President Bukele took office in June 2019, pledging to tackle the legacy of gang violence and corruption in the impoverished Central American nation.
The 38-year-old leader wants to use the loan to improve the equipment of police and the armed forces in the fight against crime but the loan has not been approved yet. In particular, the funds would be used to buy police vehicles, uniforms, surveillance equipment and a helicopter.
“If we wanted to press the button, we would press the button” and remove lawmakers from the legislature, he told supporters outside the building. “But I asked God and God told me: patience, patience, patience.”
The opposition FMLN party accused Bukele of intimidation and acting like “a dictatorship” for trying to force approval of the loan.
Addressing his supporters, Bukele said polls suggest his New Ideas party would win a majority in the new legislature in 2021’s voting, so there is no need for them to break into it by force now.
“If these scoundrels do not approve (the loan for), the Territorial Control Plan, we will summon them here on Sunday,” setting a week deadline.
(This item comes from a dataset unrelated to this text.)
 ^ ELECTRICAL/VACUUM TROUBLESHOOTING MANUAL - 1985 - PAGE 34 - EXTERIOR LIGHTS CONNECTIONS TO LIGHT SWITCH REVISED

Citing El Salvador’s constitution, Bukele’s government had called an extraordinary meeting of the legislative assembly to debate approval of the loan but lawmakers rejected the call, saying it was inadmissible.
In response, Bukele invoked article 87 of the charter that recognizes the people’s right to insurrection, “for the sole purpose of restoring the constitutional order,” and summoned his supporters to the legislature.
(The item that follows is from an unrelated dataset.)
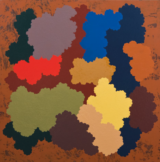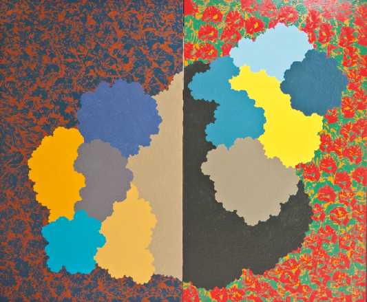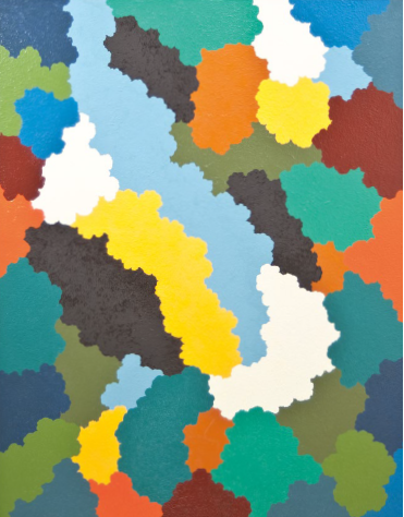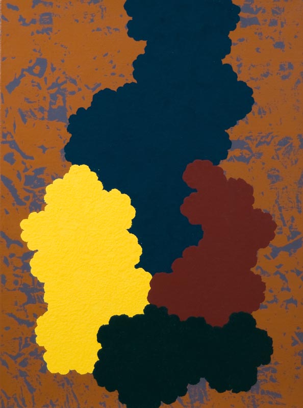 entamé une série de variations en forme de tâches colorées, peintes à plat sur des tréteaux, d’abord grandes et peu nombreuses puis foisonnantes et de taille plus réduite.

The government deployed the police and the military, and since Saturday they have cordoned off the area around the legislative building. The Armed Forces and National Civil Police issued pronouncements stating their loyalty to Bukele.
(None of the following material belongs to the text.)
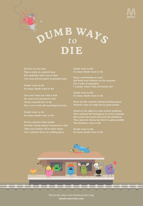 @John culvenor, I have found a new dumb way to die, read that dribble you typed out. Well done Metro, very clever ad

Meanwhile, the right-wing Nationalist Republican Alliance, which has said it will not vote for the bill, asked the Organization of American States to activate mechanisms to prevent the breakdown of the constitutional order in El Salvador and “act to immediately suspend the self-coup process under way.”
The leftist Farabundo Marti National Liberation Front, or FMLN, issued a statement demanding the president “stop his threats which are typical of a dictatorship.”
The legislative assembly is made up of 84 deputies with 37 from the Nationalist Republican Alliance and 23 from the FMLN, giving them a majority in the body.